1. First, center the object of concern in the field of view.
2. Read the vernier scales on the x and y axes. To do this, locate the point at which the 0 line of the small scale meets the large scale. In Figure 2.3, the 0 line on the small scale is located between 42 and 43 on the large scale. Now find the line on the small scale that coincides exactly with a line on the large scale. Then, count on the small scale the number of spaces between 0 and the point of coincidence. This number is your decimal point. In Figure 2.3, the line of coincidence is the sixth line on the small scale; thus, it is 0.6. Therefore, the final reading for the location would be 42.6 on the x or y axis, depending on which you were reading.
FIGURE 2.3: The small and large vernier scales.

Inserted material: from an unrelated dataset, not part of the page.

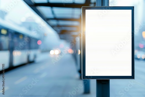 Blank advertising billboard at a bus stop with city traffic in the background, perfect for adding your own advertisement or message.

3. Using your blood slide again, locate an unusual-looking white blood cell and center it in the field of view.
4. Using the technique described previously, record the location of this cell on the x and y axes in the space provided below (note: units are in mm).

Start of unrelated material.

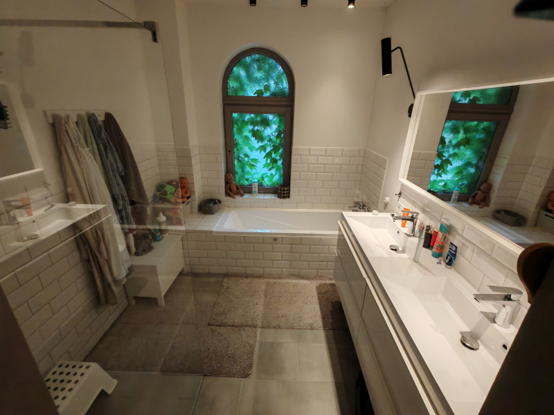 A szinten található még hálószoba, káddal és zuhanyfülkével felszerelt fürdőszoba. A szauna a hozzá tartozó merülőmedencével szolgálja a lakók kényelmét.

5. Without removing the slide, move the mechanical stage so you are looking at the periphery of the blood smear or coverslip.
6. Return to the cell found in step #3 by moving the mechanical stage controls until the verniers are adjusted to the number recorded in step #4. The cell you observed previously should be somewhere within the microscope’s field of view.
Summary
Because the microscope is one of the most often used and expensive pieces of equipment in a veterinary hospital, knowledge of its care and use is vital to both veterinarians and veterinary technicians. In this chapter you learned about the parts of the microscope and their use. One of the most underused skills is logging a location on a slide and returning to it using the vernier scales, and for this reason it was explained in this chapter.
REVIEW QUESTIONS
1. On what power lens should you use the coarse adjustment knob?
2. If you have a 10-power ocular and are on oil immersion (100X), what is the total magnification?
3. What is the purpose of the condenser, and what happens when it is raised and lowered?
4. What is the rheostat?
5. Describe the method of focusing the microscope so that both eyes are in perfect focus.
6. What is the meaning of the word parfocal?
7. What might happen if oil were to be left on the oil immersion lens?
8. If you are using a microscope with 10X eyepieces, and the diameter of the LPF is 2.5 mm, the LP objective is 10X, and the HP objective is 40X, then what is the diameter of the HPF?
9. Using a vernier scale on a microscope, the “0” on the small scale is located between 55 and 56, and the lines of the large and small scale line up on the small scale’s 7. What does the location number equal?
10. Would the answer to Question 9 be sufficient information to return to that exact location on the slide?